As the months have now turned to years and I’m still around (and still a slacker mom, after all, come to find out,) what remains is twofold: 1) a sense of urgency to make every moment “count.” And 2) immense guilt that I can’t live at that high-octane frenzy for very long before growing too weary and giving up. So I live in this bizarre half-world (populated by wierdos like Eliza) where I’m known to go all manic sometimes out of fear that the cancer is going to come back; where there are days when I really just don’t make the most of every moment, because I’m too tired; where, while we look normal, we who live on the planet feel like we’ve got an extra limb or two, or a third eye because we’re removed and apart due to the cancer schmancer. While it’s lonely here, please don’t visit. I don’t want to share this hazy netherworld with anyone else. It’s too dark, too scary, too tragic.

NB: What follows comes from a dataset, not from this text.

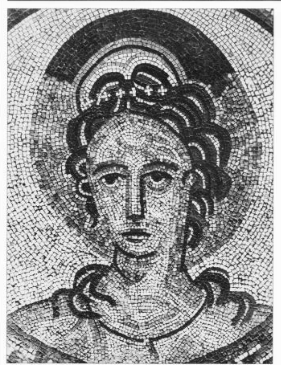
Figure 2 Part of the "Venus" mosaic at Bignor.

In 1990 the FAU returned to undertake various minor excavations, and in the same year the trustees moved the carpark from its old position inside the courtyard to a new site outside the enclosure wall to the south of the main baths. As a result, for the first time this century, there was an opportunity to examine the whole courtyard area archaeologically with the aim of increasing West our knowledge of the history and development of the villa. Thus, at the invitation of the trustees, the FAU ran a programme of research and training excavations between 1991 and 1993 in order to investigate parts of the south corridor, the corridor connecting the north and south wings (porticus), the walkway (ambulatory), the southeastern area of the courtyard, and two early-phase oblique walls (Fig. 3: 59) recorded by Sam-

Plus, you have to have a third eye or one enormous bicep, and we’d feel bad that you took it literally, the whole weirdo thing.
I support Relay because those of us pummeled by cancer need the freedom and hope to create a new normal within the confines of this universe--one that will, sadly, never be quite as carefree and naive as life before cancer, but hopefully full and vibrant once again. And hopefully full of bizarre aliens for us to laugh and point at.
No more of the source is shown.